Two of Smith’s photographs (Country Doctor and Burning Cross) are included in this volume of LIFE, A Story of America in 100 Photographs. Dozens of the others were taken by his colleagues and peers. Indeed, all of the photos in this story have appeared in the magazine or book or website pages of LIFE, which has long been a chronicler of American life. The images trace back to 1850 (soon after the dawn of photography itself, and shortly before the United States was solidified into the Union as we know it now) and continue, with gorgeous and colorful aplomb, into this 21st century, the world around us now. They are delivered here through the decades, each image augmented by a body of text, a story in words and facts meant to add context and understanding, meant to illuminate and open up more than to guide.

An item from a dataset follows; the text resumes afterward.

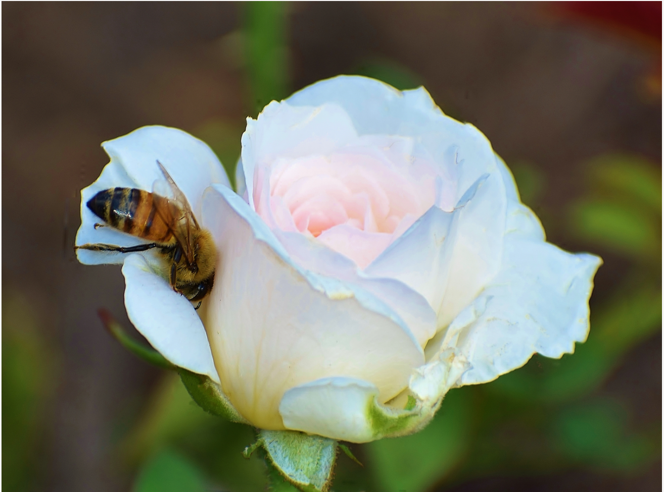
ABOVE: A WINNING ADULT PHOTO BY SONDRA COOPER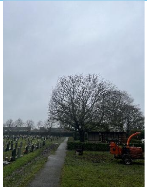
T8 – Acer Platanoides Crown reduce 2m

If a single photo—and the sentences nestled beside it—carries so many strands of meaning, so then does a collection of photos, bearing a narrative that is at once available in pieces and available as a whole. This collection. This narrative. The Beatles land in America. A POW returns home. A chief waters his horse near Wounded Knee. A girl goes to school in Arkansas. Mr. B hugs a Billy soxer. Dancers twirl. A car travels Route 66, a bird sits on the sunlit water, an airplane flies through the city sky. Moments and images can be small and infinite at once.
It has been said that you don’t take a photograph, you simply borrow it, nabbing a bit of history, adding those hints of possibility, so as to stand, looking forward or back, on the threshold.
GOLDEN GATE BRIDGE
San Francisco Bay, 1951
MARGARET BOURKE-WHITE/LIFE/THE PICTURE COLLECTION
You could say it took 65 years to build the Golden Gate Bridge, a life span, if you will. It’s an American story of persistence. A bridge across the mouth of San Francisco Bay, from the city on the peninsula to Marin County, was proposed in 1872. Given that this was a distance of almost two miles over fierce currents, many said it couldn’t be done. It took until 1919 for a feasibility study to be done and an engineer assigned. Arguments ensued for years. By 1930, there were an estimated 2,300 lawsuits from opponents to the bridge’s construction, ranging from ferry operators to naturalists. There were arguments about the paint color too: The Navy wanted black and yellow stripes; the Army Air Corps wanted red and white stripes. The designer finally chose international orange.
In 1933, construction began. Eleven workers died during the building; another 19 were saved by a safety net. On May 27, 1937, the bridge was opened. Sixty-five years. And it’s a beauty. It is (unofficially, of course) the most photographed bridge in the world.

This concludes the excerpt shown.